The East End is a part of the Adelaide central business district, in the north-east corner of the Adelaide city centre. This area is a popular office and retail district and has an increasing residential interest from the building of high-density luxury apartments in the area.

The retail centre of the East End is Rundle Street. Although the area is not officially demarcated, its approximate boundaries are North Terrace, East Terrace, Pulteney Street and Flinders Street. It is also sometimes stated as including parts of Kent Town and parklands locations such as the Adelaide Botanic Gardens, Rymill Park and the National Wine Centre of Australia.
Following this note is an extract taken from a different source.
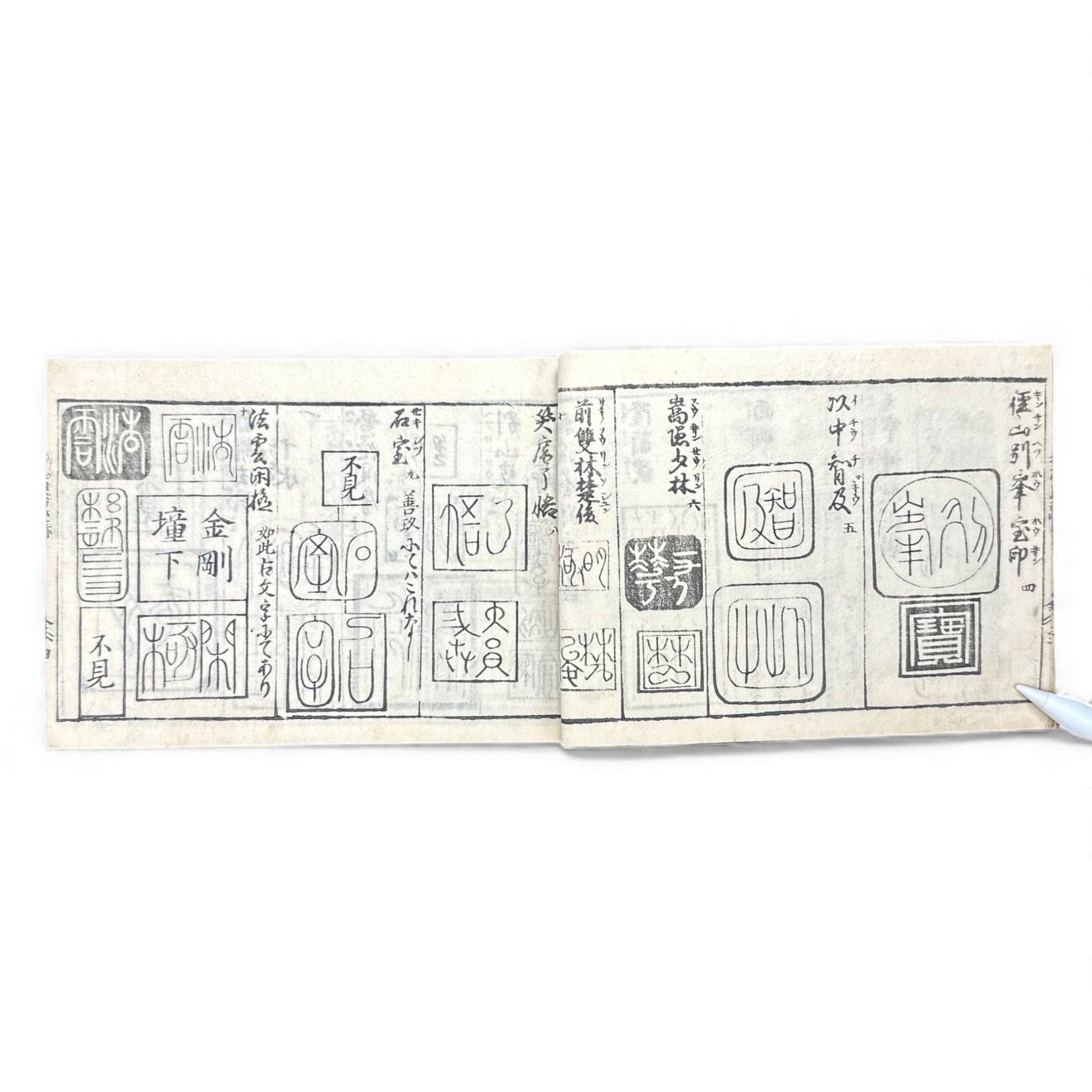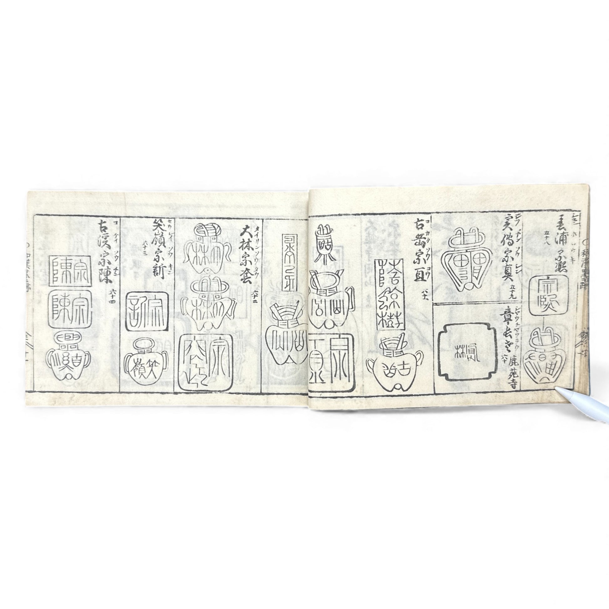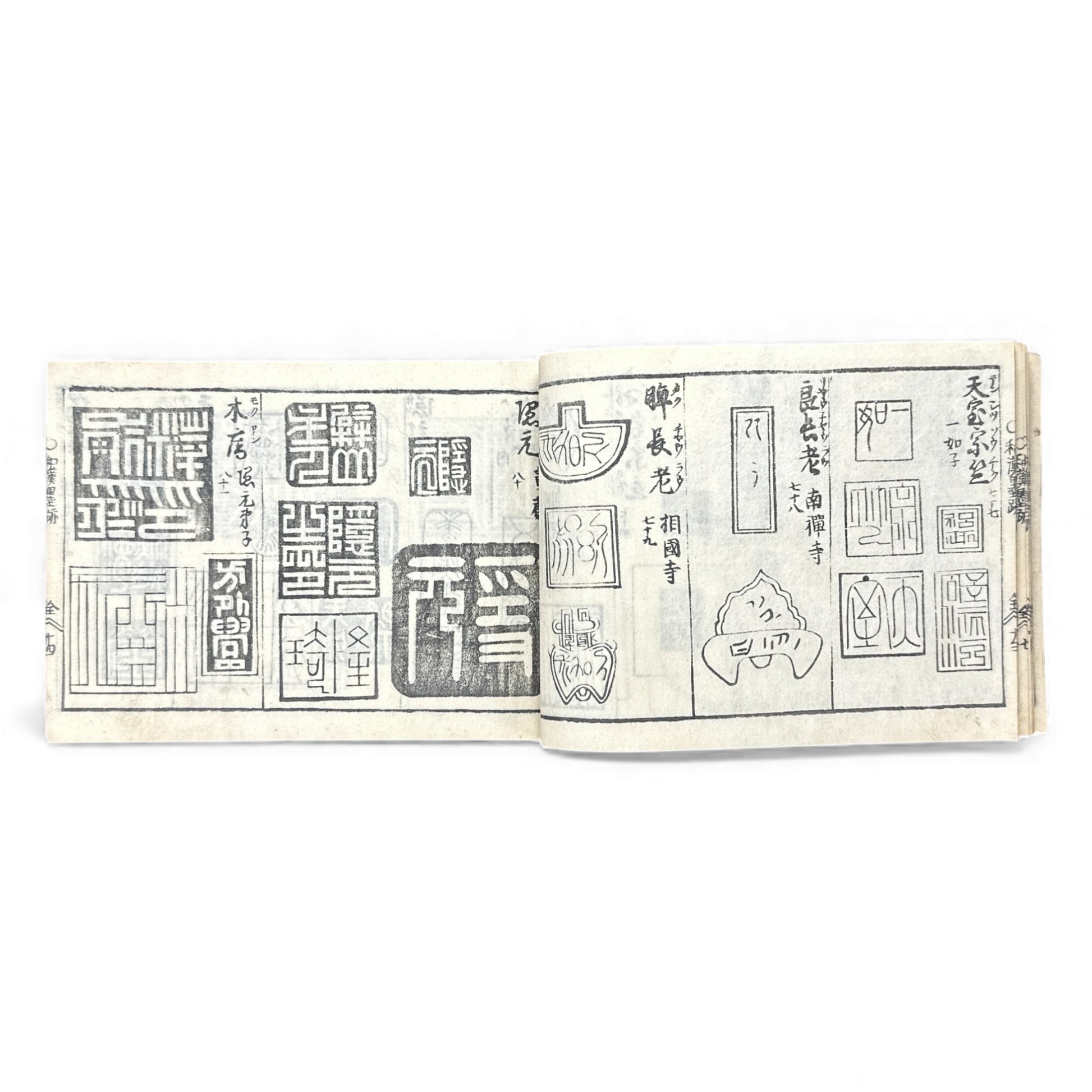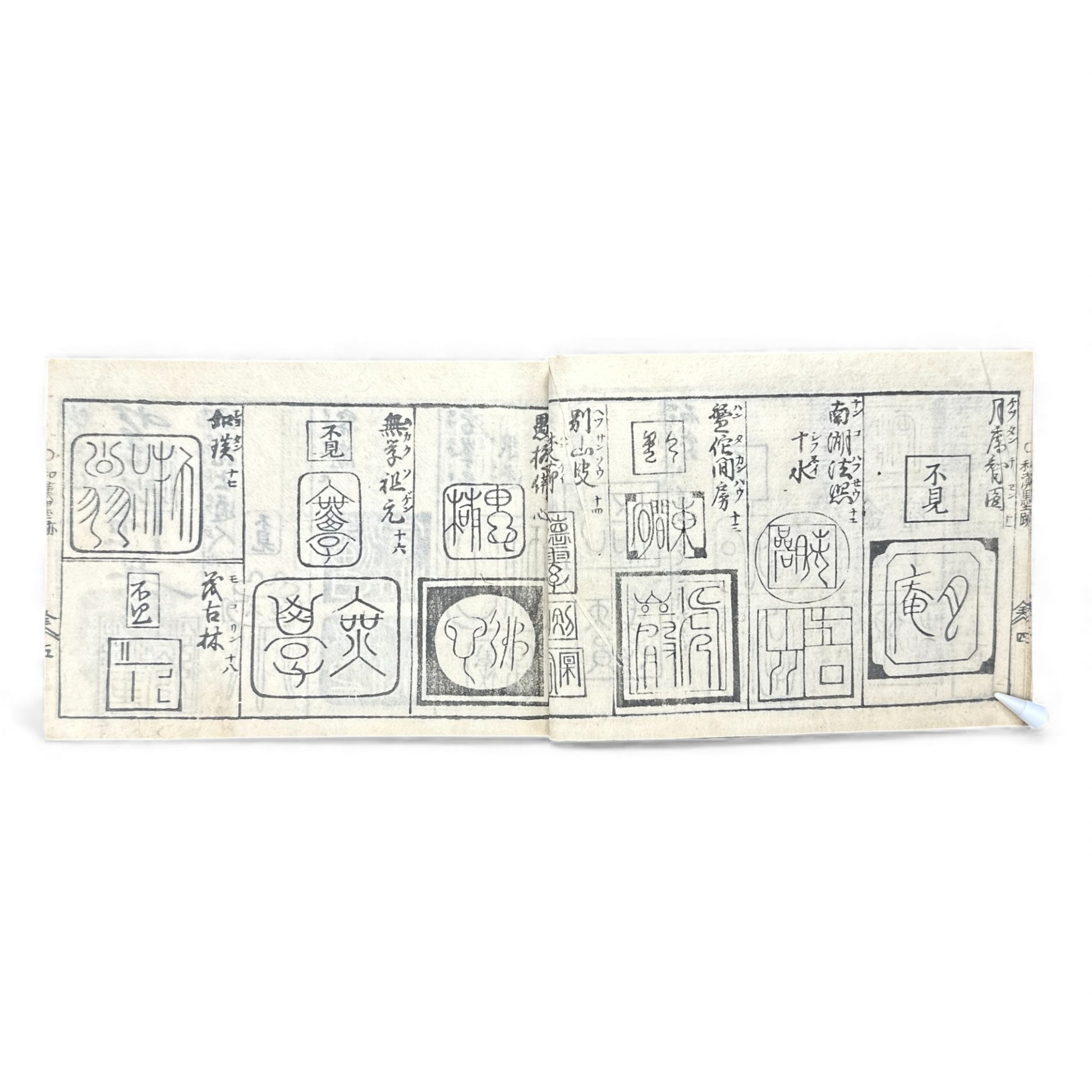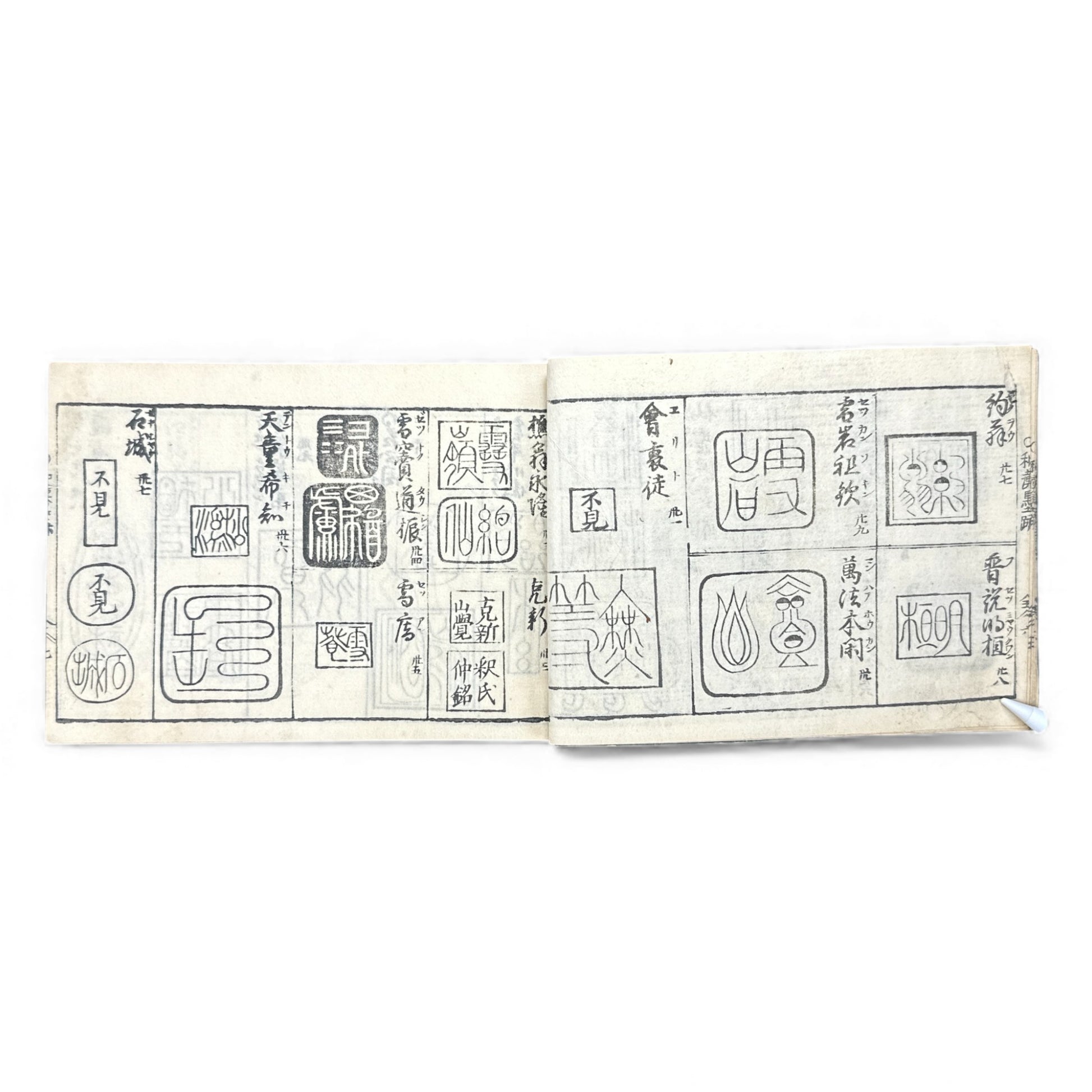 A rare Edo–Meiji era Japanese 印譜 (inpu) — a woodblock-printed manual of seal designs, artistic motifs, and classical seal-script characters used by calligraphers, scholars, monks, and seal-carvers.

Other major streets are Frome Street, Grenfell Street and Pirie Street.

The area is bounded by parklands on the north and east sides, with the west side being mostly bounded by Hindmarsh Square.

Apartment Development
The eastern end of Rundle Street was the site of Adelaide's original fruit and vegetable wholesale markets. These closed in the 1980s and, after a long and controversial decision making process involving some government money, the Garden East (or East End Astoria) apartment development was built. This was the start of a growing number of prestige apartment buildings in the area.

Events
The East End is a popular spot in Adelaide for large events. These include:
The Adelaide Fringe
The preliminary stage (stage 0) of the Tour Down Under. Called the Jacob's Creek Down Under Classic, stage 0 it is a street circuit bicycle race around the four sides of Rymill Park
The cross country stage of the Adelaide Horse Trials runs through the parklands and is free entry to all. This is normally the Saturday of the November event.
Being part of the Adelaide Street Circuit currently used for the Adelaide 500.